Good morning, Washington! Let’s see what’s in the non-profit news this week …

Stewards of the Earth: One Planet, Many Faiths – This past Sunday, CBS News aired a “religion special that examines the ways members of faith communities are caring for the environment.” Featured first on the program were Lisa and Chris Bright, founders of Catalogue non-profit Earth Sangha and practicing Buddhists, “living their dharma (or life’s path) repairing the earth.” You can watch the full video right here.

High school gets teen off the street and into college — Just weeks after their selection for the 2011/2012 Catalogue, Don Bosco Cristo Rey High School celebrated its first graduation … and was featured on CNN. The piece centers on newly-graduated Derontae Mason, who went from homeless to college-bound; Mason is part of the school’s “first graduating class of 70 students, all of whom have already been accepted to various colleges and universities.”

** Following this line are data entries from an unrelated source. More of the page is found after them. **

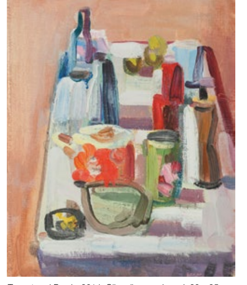
Teapot and Bowls 2014 Oil on linen on board 30 x 25cms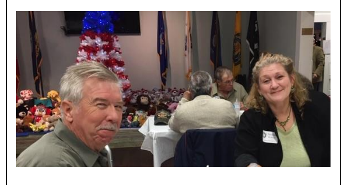
2018 Christmas Party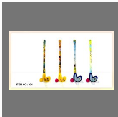
Kids Hockey Set Toy - 104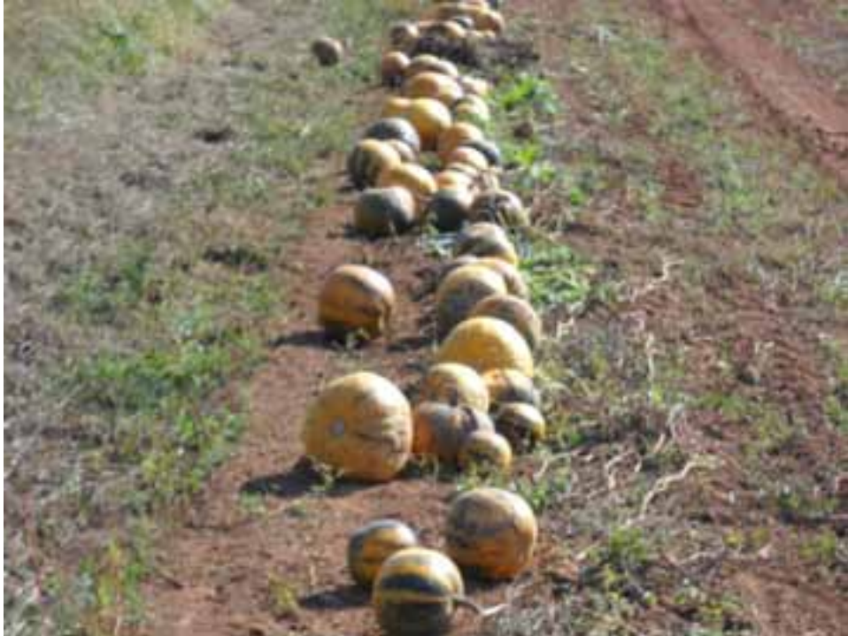
Figure 8: Once seed maturity was confirmed the pumpkins were machine windrowed and allowed to 'sit' for a few days prior to mechanical harvest (approximately eighteen weeks post planting)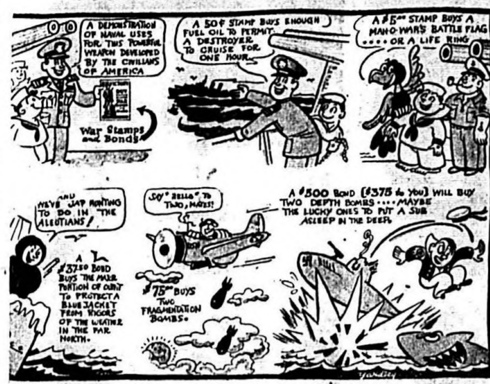
'Write 'em a Letter'... More Reduction Asked In Long Distance Calls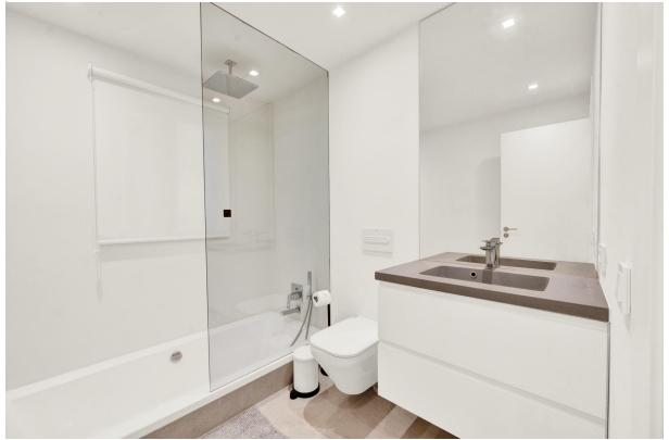
Bathroom in a ground floor apartment for sale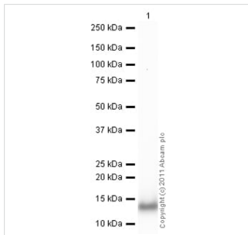
Western blot - Recombinant Human BMP2 protein (ab87065)

All lanes : Anti-BMP2 antibody ( ab17885 ) at 0.1 µg/ml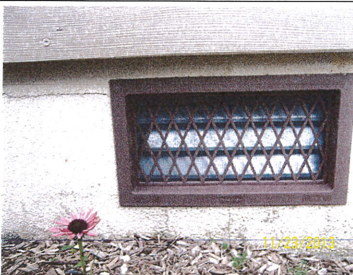
Vent View – Date of Photograph: (See Photo Stamp)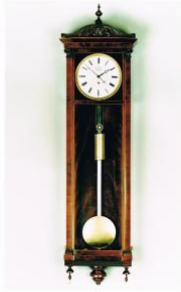
An Austrian regulator timepiece with mahogany case by Brutmann in Wien. Circa 1850. Raffety Ltd

Leaving Britain briefly, one final example of a wall clock to be found in the Raffety gallery are Austrian regulators. These also date to the 19th century and were intended to show off the fine quality, accurate movements. Thus, everything about the design is focused on displaying the construction of the clock. This example, signed 'Brutmann in Wien' has a mahogany case designed with large glass panels to show off the large steel flat rod pendulum and weight, with decorative flourishes limited to the pie crust pediment and carved finials to top and bottom. Glass panels to the sides of the dial offer a view of the movement. Although this was made around 1850, its crisp design give it a very contemporary look.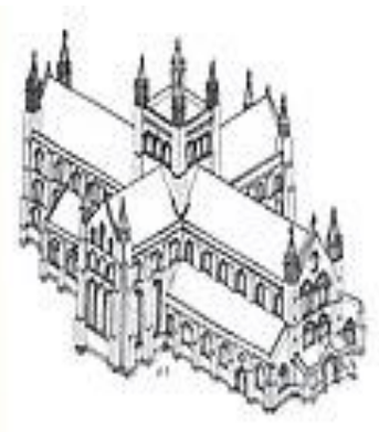
Reconstruction of how Scone Abbey would look

Traces of copper alloy were also found, suggesting it was in contact with a bronze or brass object ( possibly a relic such as a saint’s bell ), along with traces of gypsum plaster ( that could have been used to make a cast to fool Edward I ). That idea is unlikely as the Scots continued to ask for the stone’s return for some time after it was taken to London.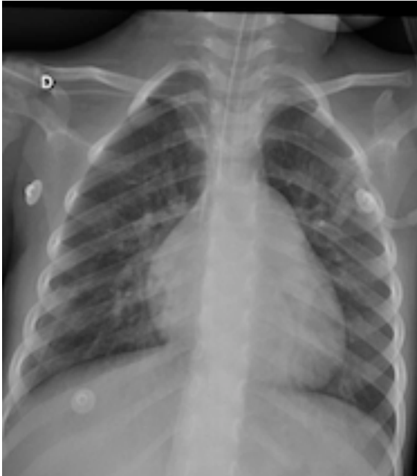
Figure 2. Chest radiograph 48 hours after surgery when the patient had improved

recipients with primed neutrophils due to an underlying disease. A second proposed mechanism relates to the transfusion of bioactive factors that activate primed neutrophils in the lungs causing direct pulmonary endothelial damage, capillary leak, and acute lung injury [6].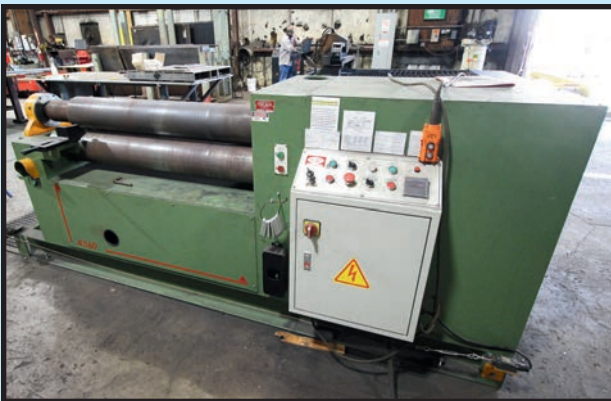
CHICAGO DRIES & KRUMP BENDING ROLLS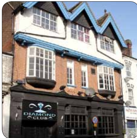
17 53 Cheapside, lately the Diamond nightclub, was built in 1882 as The Cowper Arms, a 'temperance tavern' ( coffee shop ) run by the Beds Coffee Co., and is a grade II listed building ( above ). A pleasing design with its triple gables, jettied second floor and oriel windows on the first floor, it was occupied by straw hat manufacturers in the early 20th century.

The name Cheapside comes from an old Saxon word meaning market. Like Bute Street, before the Arndale Centre ( now The Mall ) was developed, the road ran through to George Street.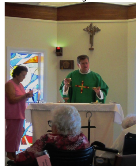
Celebrating the Liturgy of the Eucharist 2 with the Ozanam Villa Residents 2012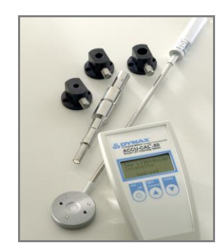
ACCU-CAL<sup>™</sup> 50 Radiometer for process monitoring.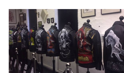
Rob Halford Hell Bent For Leather At Judas Priest Exhibition Launch.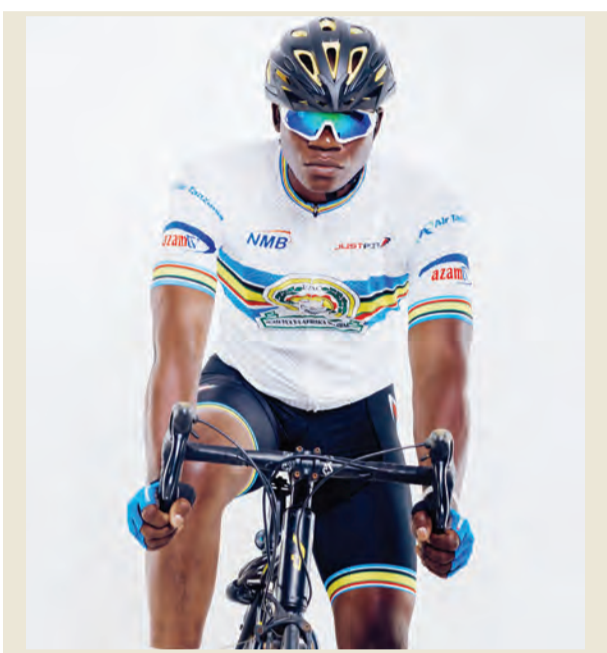
A cyclist that will take part in Tanzania at 60 Independence Anniversary International Cycling Tour, scheduled for early next month, shows kits that are to be used by cyclists in the race.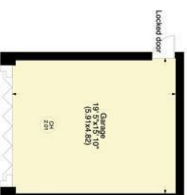
Lower Ground / Road level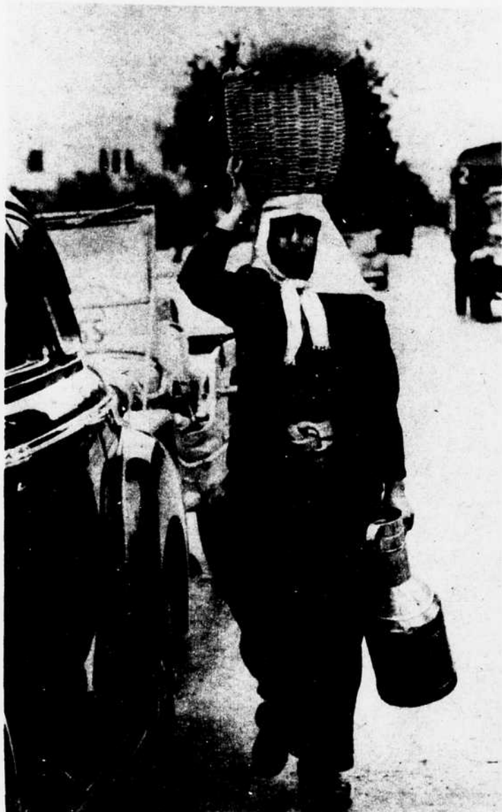
An Arab woman, walking by a modern car and jeep, uses an ancient method of carrying a basket.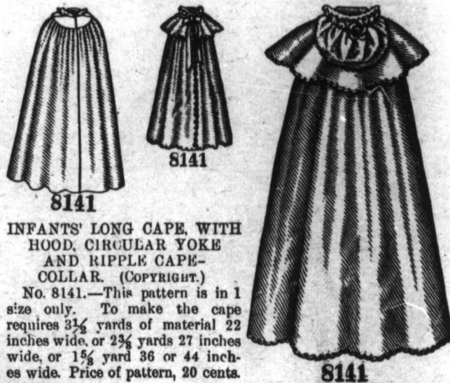
8141 8141 INFANTS' LONG CAPE, WITH HOOD, CIRCULAR YOKE AND RIPPLE CAPICOLLAR. (COPYRIGHT.) No. 8141.—This pattern is in 1 size only. To make the cape requires 3\frac{1}{2} yards of material 22 inches wide, or 2\frac{3}{4} yards 27 inches wide, or 1\frac{1}{2} yard 36 or 44 inches wide. Price of pattern, 20 cents.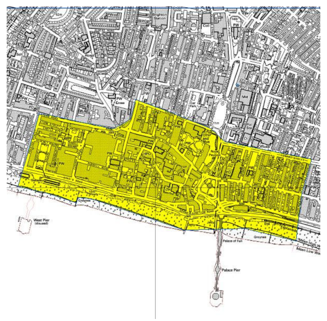
Brighton & Hove City Council - Cumulative Impact Area

The Cumulative Impact Area comprises the area bounded by and including: the north side of Western Road, Brighton from its intersection with the west side of Spring Street to the junction with the west side of Dyke Road at its eastern end; from there, north-east to the junction of the north side of Ayr Street with the west side of Queens Road and then northward to the north-west corner of Queens Road junction with Church Street; thence along the north side of Church Street eastwards to its junction with Marlborough Place and continuing south-east across to the north-western junction of Edward Street; along the north side of Edward Street to the east side of its junction with Egremont Place and southward along the eastern sides of Upper Rock Gardens and Rock Gardens; southward to the mean water mark and following the mean water line westward to a point due south of the west boundary of Preston Street; northward to that point and along the west side of Preston Street to its northwest boundary and then diagonally across Western Road to its intersection with the west side of Spring Street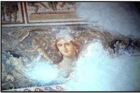
Mona Lisa of Galilee: Mosaic from banquet hall of 3 rd century Roman mansion in Sepphoris.

How Seniors Get Stuck at Home With No Transit Options — From yesterday’s DC Streets Blog: “more than 20% of seniors do not drive at all in the spread-out, transit-poor communities where many of them live, seniors who don’t drive miss out on countless opportunities.” According to a newly-released report from Transportation for America, “seniors age 65 and older who no longer drive make 15 percent fewer trips to the doctor, 59 percent fewer trips to shop or eat out.” (So check out a few Catalogue charities that are working to provide both rides and company)

On Urban Education — An interesting question posed on Urbanophile (directed from Greater Greater Washingt0n): ” The conventional wisdom would suggest that until we fix the schools, we’ll never attract families back to the city what if that reverses cause and effect? What if rather than improving the schools before we can attract families back to the city, it will be attracting families back to the city that improves the schools?” And could “bottoms up organic change” have a greater, or at least more immediate, effect that local or federal reform?